Looking for a Place to Land

 Sun and Shadows, oil on canvas, 23.5 x 35.5′

Bill McLane returns to the Vineyard.

“I paint pictures,” Bill McLane said when asked for a little background on himself. “It’s really as simple as that.” All at once, the phrase sums up his occupation, what he does for a living, and his passion. It sounds like an affirmation, really. I paint, therefore I am.

McLane opened a show of Vineyard work at the Edgartown Gallery this summer, after more than 15 years away from the Island. He said it was the geographic location that lured him back. “I want to paint the New England south coast. I want to get as much done as I can before I die. Oysters, sailboats, farm equipment — those are the things I’m interested in.”

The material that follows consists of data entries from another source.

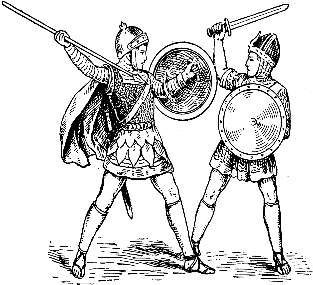
MACBETH AND MACDUFF FIGHT.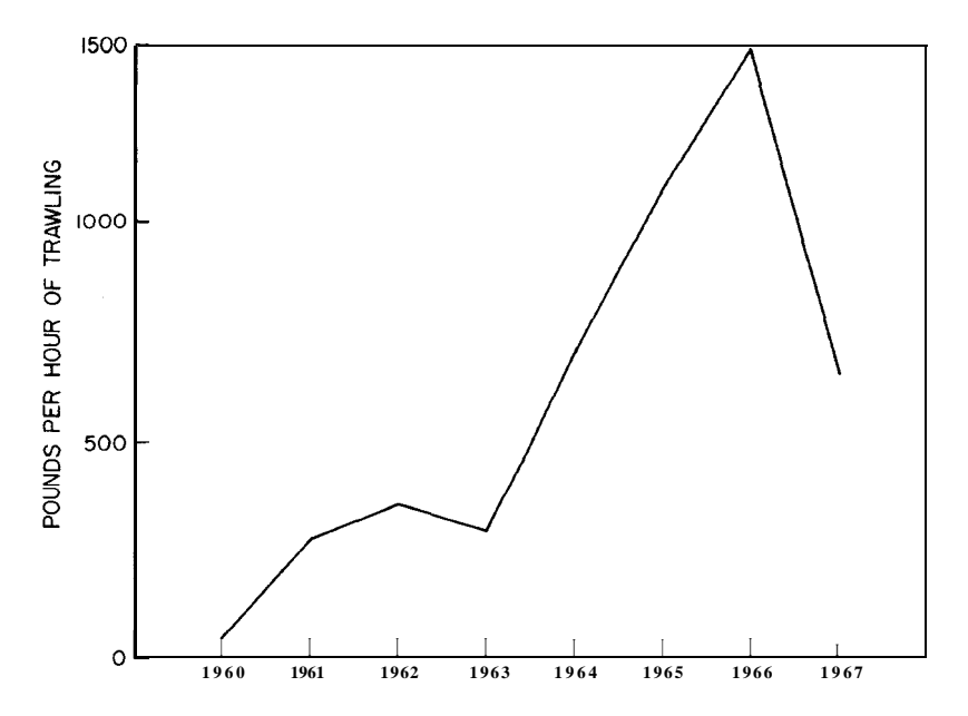
Figure 1. Relative abundance of adult alewives taken in experimental and Commercial bottom trawls in southern and central Lake Michigan, November 1960-67.

An aerial survey on June 22 revealed that the alewife dieoff extended around the circumference of the lake from Arcadia, Michigan, south to Michigan City, Indiana, and along the west shore to Sturgeon Bay, Wisconsin (Fig. 2). Dead alewives were also seen along the east shore of Green Bay,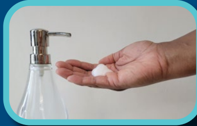
Step 2: Apply liquid soap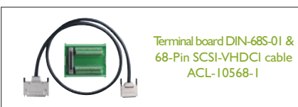
Terminal board DIN-68S-01 & 68-Pin SCSI-VHDCI cable ACL-10568-I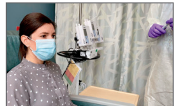
Figure 2. Patient Wearing a Mask.

The clinician is shown wearing the PPE required during collection of a nasopharyngeal swab specimen.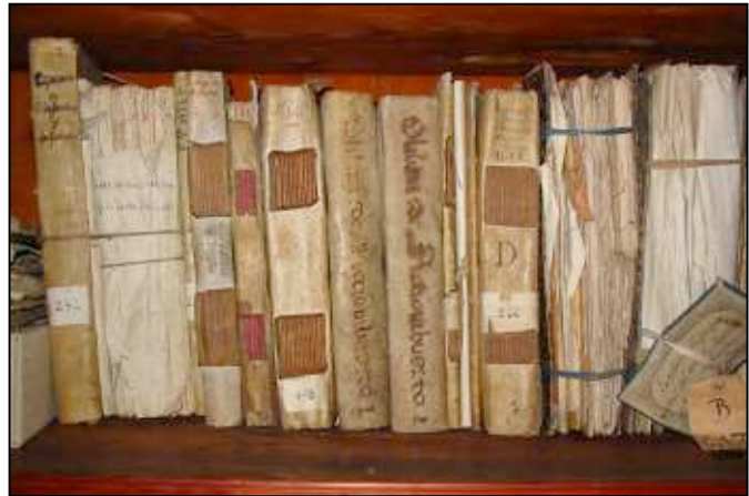
Several examples of archival long stitch sewing.

The second sewing structure is more predominant in the archive at Vilassar. Long stitch archival sewing is a very straightforward and fast style of sewing that creates a mechanical tightback attachment of the text to the covering material. The archival long stitch sewing structure has continuous sewing between the stations linking each section either independently or to one another as well as to the vellum cover.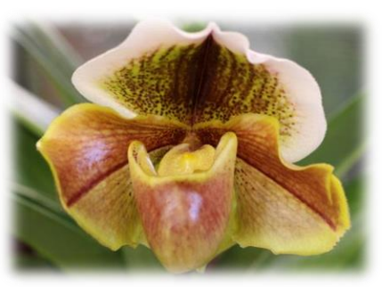
Paphiopedilum Startler x Pure Spirit

Those same subjects beckoned McLane to the Island from the start; he relocated to the Vineyard in 1993. “I said to myself, ‘I want to paint here,’” McLane told Arts & Ideas. “The possibilities were so unlimited. There was a constant current of money from tourism. And the physical beauty is unparalleled.”

It seemed like a perfect fit: McLane’s work was well received by buyers, gallery owners, and an entire community of influential Vineyard artists, including Allen Whiting, Richard Lee, and Nick Thayer. Then, around the turn of the century, McLane left it all behind, and moved about as far away as one can get in the continental United States, to California.

“It was time for a change,” McLane said. “I had painted what I could, and I had to reinvent myself. I needed some new things to paint.”

McLane’s reasons for going are the same as for his coming: his art. But there are undertones of conflict on a more personal, or perhaps cultural, level. “As a wash-ashore you are accepted, but you’re never one of them, you know?”

After several years out west, McLane made his way back to the New England coast, settling in Rhode Island. From there, he jumps the Sound regularly to paint and show work on the Island. “I have no interest in California anymore,” McLane said. “As I get older, I seem to gravitate more and more toward home.”

Although “home” comes with a lot of complicated feelings, most of them are positive. McLane says the Vineyard inspires his art in a way that other places, no matter how beautiful, have not matched.

“The physical beauty is unique unto itself,” McLane said. “Just that makes it quite easy to become entranced. The lakes, the ponds, the coastal areas — the Vineyard allowed me to come into my own as an artist. It allowed me a focal point that has not happened elsewhere.”

For someone who so readily admits painting is an integral part of his personality and decision-making process, that focal point eventually set off a homing instinct in McLane. He says the return is a fresh start, not a return to the old.

“It’s nice to be away, but it’s nice to be back. There’s a lot of lunacy, a lot of eccentrics here, because it allows for that. It allows a lot of freedom. I had to reinvent myself before, and I can reinvent again now.”